SLP CONFIGURATION (Switch A to Switch C)
# Configure the LSP ingress node, Switch A
[SwitchA] static-lsp ingress AtoC destination 21.1.1.0 24 nexthop 10.1.1.2 out-label 30
# Configure the LSP transit node, Switch B
[SwitchB] static-lsp transit AtoC in-label 30 nexthop 20.1.1.2 out-label 50
# Configure the LSP egress node, Switch C
# Configure Switch B
[SwitchC] static-LSP egress AtoC in-label 50

Configure a static LSP from Switch C to Switch A:

SLP CONFIGURATION (Switch C to Switch A)
# Configure the LSP ingress node, Switch C
[SwitchC] static-lsp ingress CtoA destination 11.1.1.0 24 nexthop 20.1.1.1 out-label 40
# Configure the LSP transit node, Switch B
[SwitchB] static-lsp transit CtoA in-label 40 nexthop 10.1.1.1 out-label 70
# Configure the LSP egress node, Switch A
[SwitchA] static-lsp egress CtoA in-label 70

To verify the configuration:

Verify SLP CONFIGURATION
# Display static LSP information on switches, for example, on Switch A.
[SwitchA] display mpls static-LSP
Total: 2
Name FEC In/Out Label Nexthop/Out Interface State
AtoC 21.1.1.0/24 NULL/30 10.1.1.2 Up
CtoA -/- 70/NULL – Up

# Test the connectivity of the LSP from Switch A to Switch C

[SwitchA] ping mpls -a 11.1.1.1 ipv4 21.1.1.0 24

MPLS ping FEC 21.1.1.0/24 with 100 bytes of data:

100 bytes from 20.1.1.2: Sequence=1 time=4 ms

100 bytes from 20.1.1.2: Sequence=2 time=1 ms

100 bytes from 20.1.1.2: Sequence=3 time=1 ms

100 bytes from 20.1.1.2: Sequence=4 time=1 ms

100 bytes from 20.1.1.2: Sequence=5 time=1 ms

— Ping statistics for FEC 21.1.1.0/24 —

5 packets transmitted, 5 packets received, 0.0% packet loss

Round-trip min/avg/max = 1/1/4 ms

# Test the connectivity of the LSP from Switch C to Switch A

[SwitchC] ping mpls -a 21.1.1.1 ipv4 11.1.1.0 24

MPLS ping FEC 11.1.1.0/24 with 100 bytes of data:

100 bytes from 10.1.1.1: Sequence=1 time=5 ms

100 bytes from 10.1.1.1: Sequence=2 time=1 ms

100 bytes from 10.1.1.1: Sequence=3 time=1 ms

100 bytes from 10.1.1.1: Sequence=4 time=1 ms

100 bytes from 10.1.1.1: Sequence=5 time=1 ms

— Ping statistics for FEC 11.1.1.0/24 —

5 packets transmitted, 5 packets received, 0.0% packet loss

Round-trip min/avg/max = 1/1/5 ms

FAQs About LSP

1. Are LSR and LSP the same thing?

They may be used interchangeably, but they are not the same. LSR performs label switching, whereas LSP takes the shortest path.

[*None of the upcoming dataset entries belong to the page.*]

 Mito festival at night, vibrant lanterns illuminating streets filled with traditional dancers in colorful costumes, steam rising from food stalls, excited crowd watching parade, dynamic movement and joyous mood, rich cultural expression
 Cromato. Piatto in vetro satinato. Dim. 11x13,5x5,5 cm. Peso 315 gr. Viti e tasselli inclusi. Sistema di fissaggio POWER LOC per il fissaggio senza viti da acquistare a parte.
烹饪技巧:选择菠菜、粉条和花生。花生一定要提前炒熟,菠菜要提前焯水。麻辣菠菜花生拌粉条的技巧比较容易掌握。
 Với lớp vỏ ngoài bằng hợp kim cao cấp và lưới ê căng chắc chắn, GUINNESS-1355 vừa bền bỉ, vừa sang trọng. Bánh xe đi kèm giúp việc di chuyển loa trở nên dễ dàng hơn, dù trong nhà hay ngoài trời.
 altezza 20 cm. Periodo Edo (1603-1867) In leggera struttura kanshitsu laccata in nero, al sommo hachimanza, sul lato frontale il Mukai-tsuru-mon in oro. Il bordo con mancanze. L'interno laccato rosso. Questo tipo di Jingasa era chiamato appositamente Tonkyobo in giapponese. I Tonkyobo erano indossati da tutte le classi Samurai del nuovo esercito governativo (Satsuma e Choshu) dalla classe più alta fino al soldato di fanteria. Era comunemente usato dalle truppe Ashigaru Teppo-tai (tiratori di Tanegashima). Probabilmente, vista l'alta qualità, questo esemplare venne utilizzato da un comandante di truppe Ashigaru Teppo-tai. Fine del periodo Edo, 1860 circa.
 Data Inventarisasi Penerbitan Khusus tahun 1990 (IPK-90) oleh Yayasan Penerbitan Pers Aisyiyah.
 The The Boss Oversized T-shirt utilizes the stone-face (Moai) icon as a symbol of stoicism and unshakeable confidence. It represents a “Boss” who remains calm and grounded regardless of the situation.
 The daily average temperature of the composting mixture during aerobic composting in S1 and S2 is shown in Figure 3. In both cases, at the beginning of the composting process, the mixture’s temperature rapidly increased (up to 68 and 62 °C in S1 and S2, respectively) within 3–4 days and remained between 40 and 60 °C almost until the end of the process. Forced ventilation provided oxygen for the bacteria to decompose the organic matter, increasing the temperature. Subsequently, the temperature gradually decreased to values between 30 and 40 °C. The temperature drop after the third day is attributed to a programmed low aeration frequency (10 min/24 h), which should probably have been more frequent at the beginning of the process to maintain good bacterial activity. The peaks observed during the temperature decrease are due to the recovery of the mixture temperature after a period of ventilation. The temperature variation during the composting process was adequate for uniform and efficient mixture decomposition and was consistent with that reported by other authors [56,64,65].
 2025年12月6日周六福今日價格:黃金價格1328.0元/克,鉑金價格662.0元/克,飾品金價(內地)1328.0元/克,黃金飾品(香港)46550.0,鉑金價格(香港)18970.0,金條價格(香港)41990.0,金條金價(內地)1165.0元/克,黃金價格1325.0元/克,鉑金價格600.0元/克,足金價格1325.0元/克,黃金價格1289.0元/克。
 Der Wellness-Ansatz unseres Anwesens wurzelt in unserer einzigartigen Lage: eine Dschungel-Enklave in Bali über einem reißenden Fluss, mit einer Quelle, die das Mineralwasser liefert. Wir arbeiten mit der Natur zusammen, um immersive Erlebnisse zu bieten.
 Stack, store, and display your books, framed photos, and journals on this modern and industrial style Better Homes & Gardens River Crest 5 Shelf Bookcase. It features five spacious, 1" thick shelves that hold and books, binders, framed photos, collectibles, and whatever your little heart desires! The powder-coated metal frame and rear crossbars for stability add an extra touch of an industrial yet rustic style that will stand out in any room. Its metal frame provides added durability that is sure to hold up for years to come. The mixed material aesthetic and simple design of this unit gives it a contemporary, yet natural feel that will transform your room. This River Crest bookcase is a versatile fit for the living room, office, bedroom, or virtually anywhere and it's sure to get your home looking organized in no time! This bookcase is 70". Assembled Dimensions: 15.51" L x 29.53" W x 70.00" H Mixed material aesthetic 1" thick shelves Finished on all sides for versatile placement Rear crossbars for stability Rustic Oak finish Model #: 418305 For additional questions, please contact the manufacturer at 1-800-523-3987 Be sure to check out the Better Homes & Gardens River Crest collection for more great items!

2. Why is LSC an abbreviation for LDP signaling channels?

This means that LSP employs label distribution protocol, which assists LSP in discovering network topology and determining shortest path routing, loop detection, traffic engineering capabilities, and a fast reroute mechanism.

3. When do I need to configure LSP?

LSP is not mandatory to have configured on a network. When LSP is required, it is during routing protocols such as Open Shortest Path First (OSPF) and Intermediate System-to-Intermediate System(IS-IS).

In this case, LSP will utilize IS-IS or OSPF protocol messages to create an LSP that will enable faster convergence times when changes within the network occur.

Conclusion

LSP is a vital part of any modern networking system because it can make networks scalable by using the shortest path first (SPF) algorithm and providing traffic engineering capabilities. 

We hope this article clarifies what LSP means and what it can do for your network. Let others discover how to use it on a day-to-day basis by sharing this information with your family and friends.